Così come vi invitiamo a scoprire – per chi non la conoscesse ancora – la bellissima storia che c’è dietro il nom de plume Delly. O ancora la dolorosa biografia di Liala, forse la più grande scrittrice di romance italiana: “Liala pone la sua biografia amorosa come prototipo del rosa, come legittimazione scritta della passione che tutto vince”. Nota Sveva Casati Modignani: “Liala raccontava un sogno, infischiandosene elegantemente della realtà. Storie che aiutavano le lettrici che, ai tempi, vivevano in una condizione di totale discriminazione, a stare meglio. I suoi romanzi erano quasi una medicina. Questa è la vera essenza del rosa”.

Negli anni successivi, quelli del ventennio fascista, la letteratura rosa sarà caratterizzata da un marcato aspetto di ambiguità: da un lato il successo di pubblico, dall’altro il disprezzo della critica. Il genere stesso finisce per biforcarsi in due correnti quasi opposte, quella del rosa trasgressivo e quella del rosa moralistico, che proseguono ancora oggi. Portavoce della prima è Mura, che ci sconcerta con la sua visione capovolta della figura di Cenerentola: “Si chiede: a cosa serve essere buone e gentili? Il principe non è folgorato dalla bontà d’animo, ma colpito dalla bellezza e dal mistero”. Un’intuizione del tutto inattesa, sconvolgente, ma molto arguta. Forse troppo moderna, tanto da non resistere al sorpasso travolgente di Liala.

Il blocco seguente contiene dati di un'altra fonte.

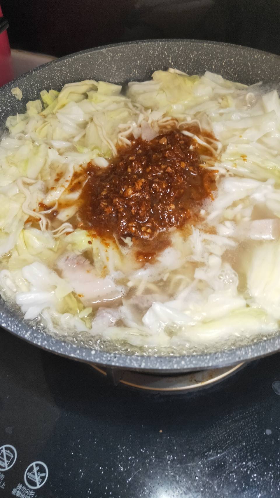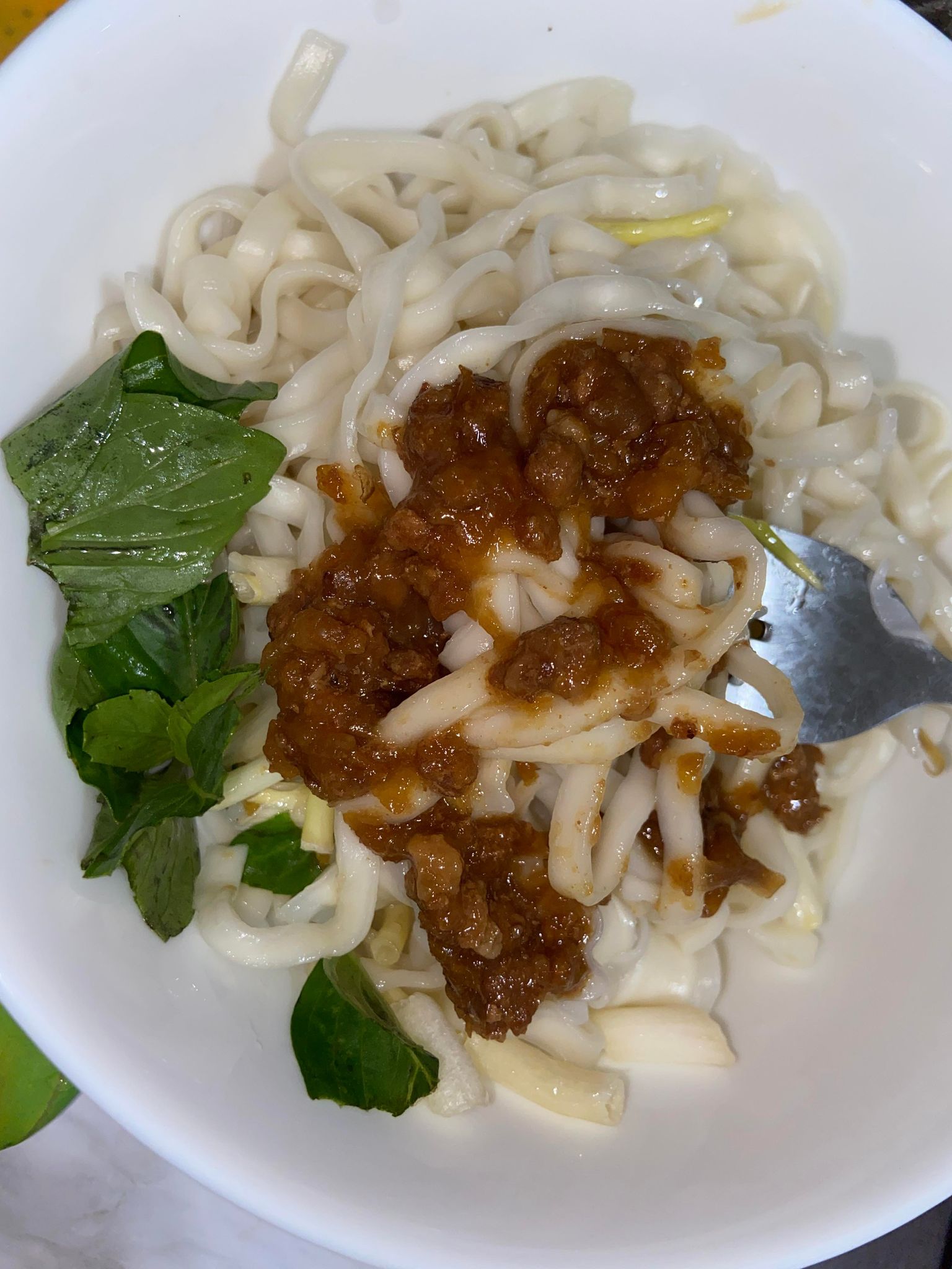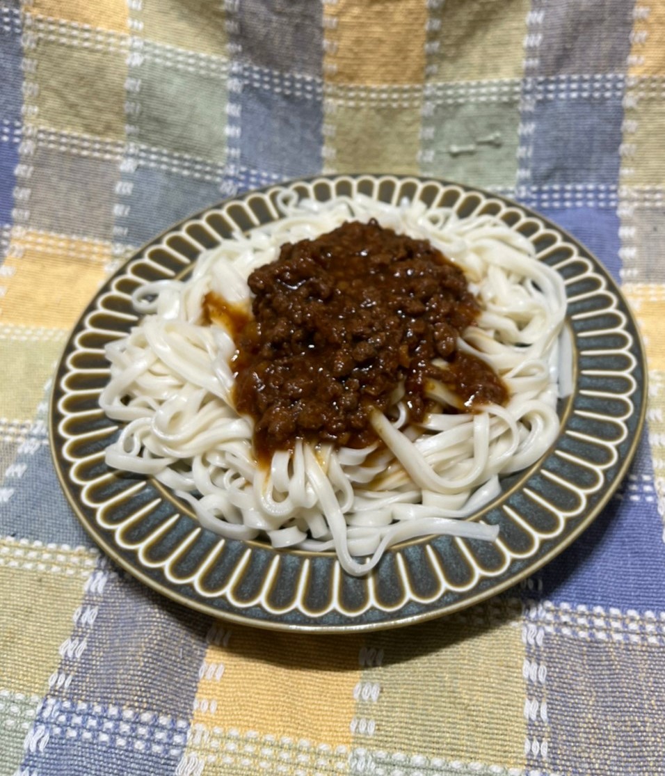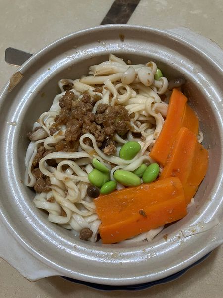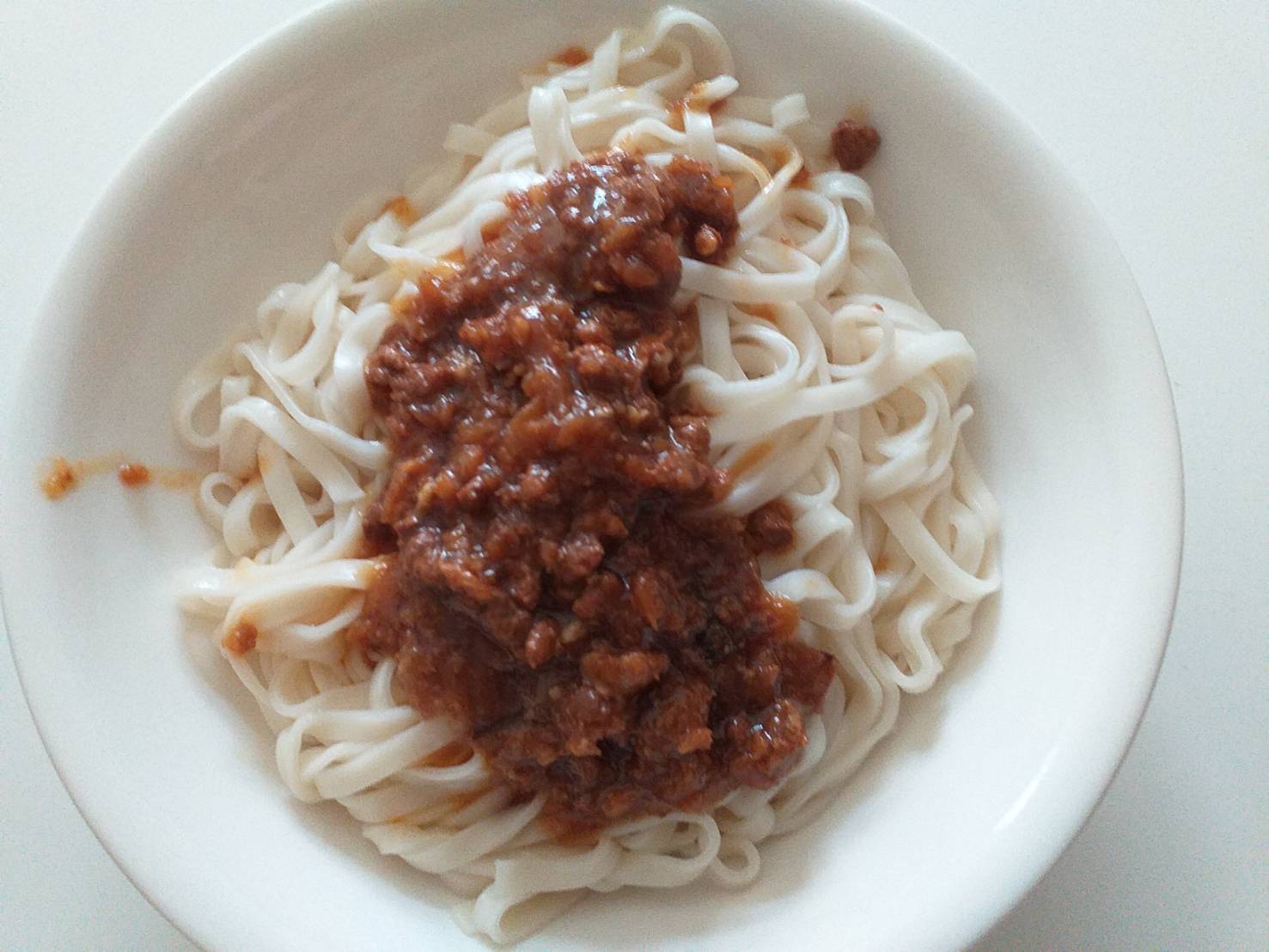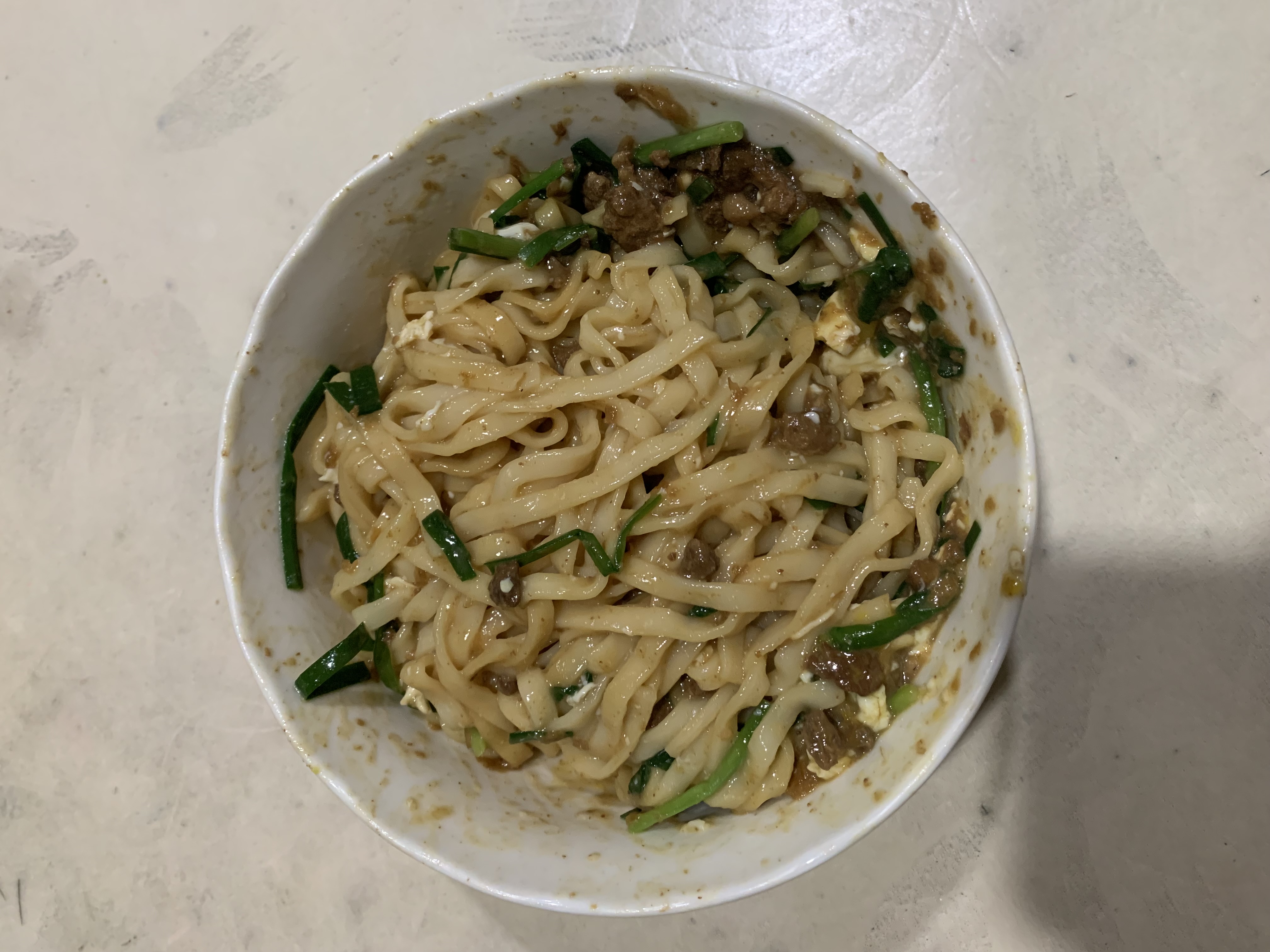 3.將肉燥包短暫浸泡在熱水中,完成後即可到入麵條中拌勻食用

E…a proposito di sorprese! Chi pensa che il nome della collana rosa per antonomasia, harmony, significhi armonia, per riecheggiare qualcosa di languido, delicato e sinuoso, scoprirà che non è che la contrazione delle prime due case editrici a lanciarsi in questo mercato: la Harlequin, quella inglese, indiscussa leader di mercato e la Mondadori, la prima italiana ad importare il catalogo romance.

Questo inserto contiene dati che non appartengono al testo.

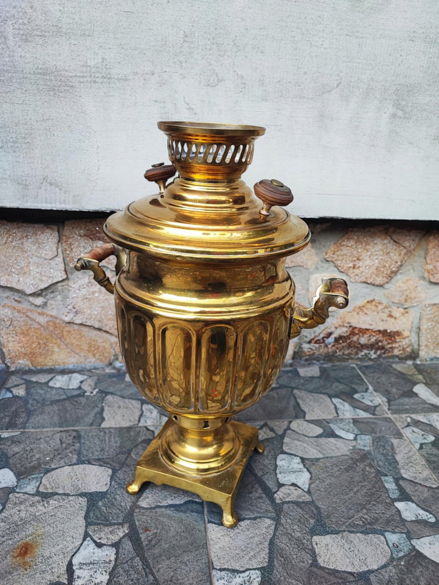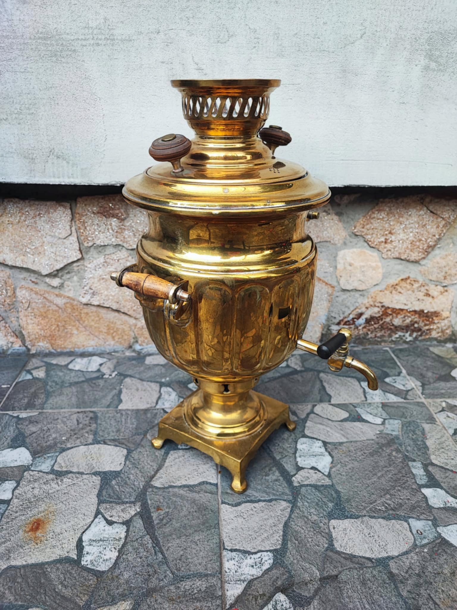 Przedwojenny mosiężny samowar Tuła,na węgiel drzewny,wymiary wys.45 cm.szer.31 cm.gł.30 cm.idealny do użytku,na wystrój,na prezent,na innych moich aukcjach znajdziesz inne bombonierki,kurki z huty Ząbkowice,aplikacje,kilimy,szyldy klamki,szyldy do mebli,karnisze,klosze oraz wszystko co ci potrzebne do lamp,lampek,żyrandoli,kinkietów,lamp naftowych,zobacz inne moje aukcje,wystawiam ok.4800 aukcji,wszystko jak na zdjęciach

Dal romanzo alla rivista, ai cineromanzi, poi ai fotoromanzi, poi di nuovo pubblicazioni editoriali, quindi la massificazione commerciale dei cick-lit, di cui è bestseller Il diario di Bridget Jones di Helen Fielding, gli erotici di E.L. James, fino ai grandi successi di oggi di Anne Todd con la serie After, scopriamo i retroscena di questa letteratura che rappresenta, in fondo, uno dei più efficaci specchi della multiforme personalità femminile e soprattutto della versatilità delle sue reazioni alle sfide sociali.

È un’avventura piacevolissima perché sorprende e induce a ragionare, a riconsiderare giudizi e preconcetti. In positivo e in negativo. La Violi per prima non giudica, restituisce e lo fa con maestria e competenza. Ci offre un panorama documentato e imparziale su un genere letterario che emerge ben più complesso, profondo e decisivo di quanto si potesse immaginare.